*Task to carry out*. Leave out the images and return all the data word for word.

*Material provided*.
═══

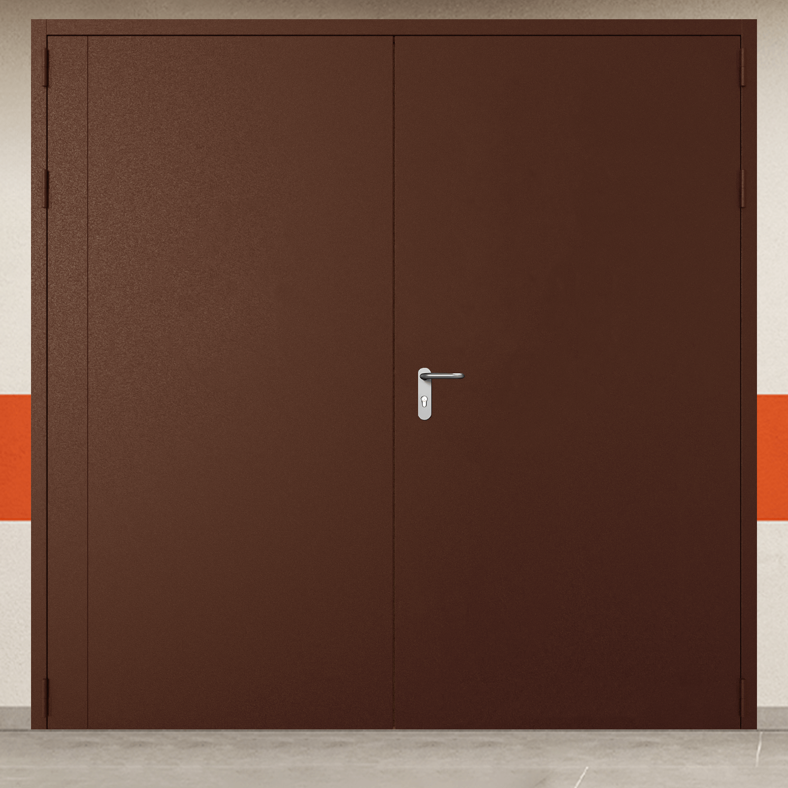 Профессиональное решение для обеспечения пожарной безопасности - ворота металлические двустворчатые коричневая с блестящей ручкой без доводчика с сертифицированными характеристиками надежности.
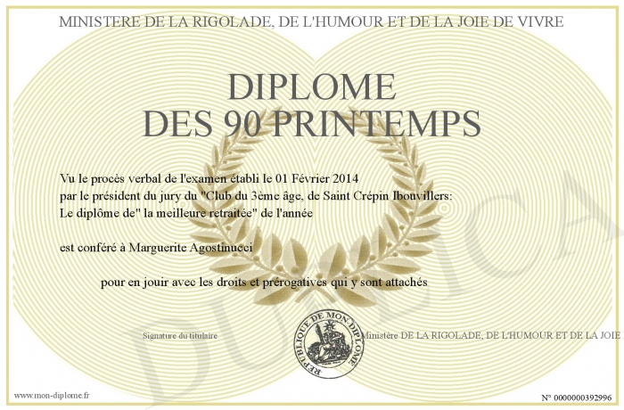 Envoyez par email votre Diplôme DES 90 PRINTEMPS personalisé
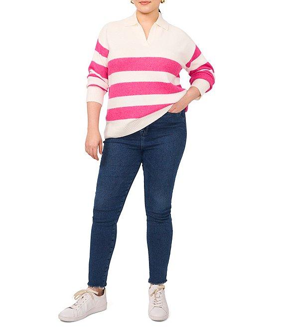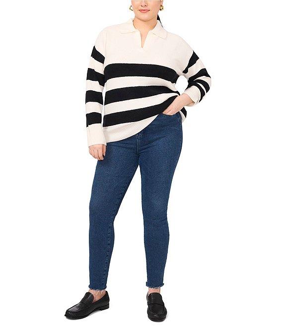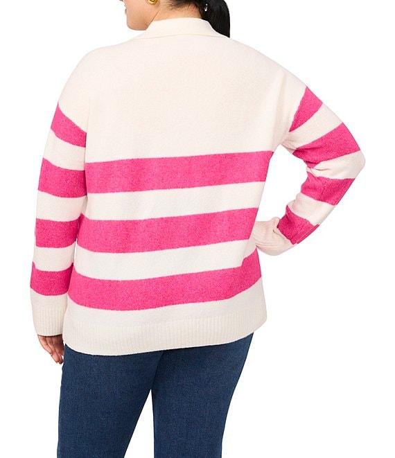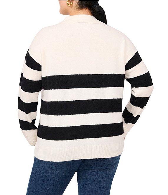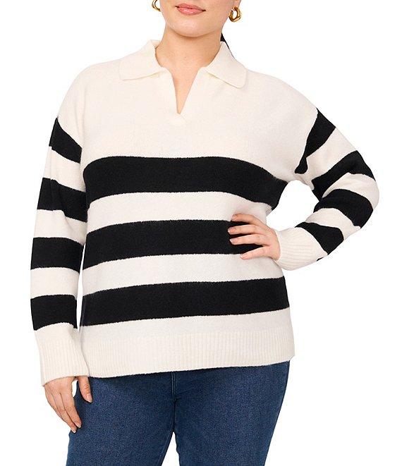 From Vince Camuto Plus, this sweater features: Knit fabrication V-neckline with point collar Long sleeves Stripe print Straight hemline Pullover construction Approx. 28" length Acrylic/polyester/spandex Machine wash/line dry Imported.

═══

*Solution to this problem*.
 Профессиональное решение для обеспечения пожарной безопасности - ворота металлические двустворчатые коричневая с блестящей ручкой без доводчика с сертифицированными характеристиками надежности.
 Envoyez par email votre Diplôme DES 90 PRINTEMPS personalisé
 From Vince Camuto Plus, this sweater features: Knit fabrication V-neckline with point collar Long sleeves Stripe print Straight hemline Pullover construction Approx. 28" length Acrylic/polyester/spandex Machine wash/line dry Imported.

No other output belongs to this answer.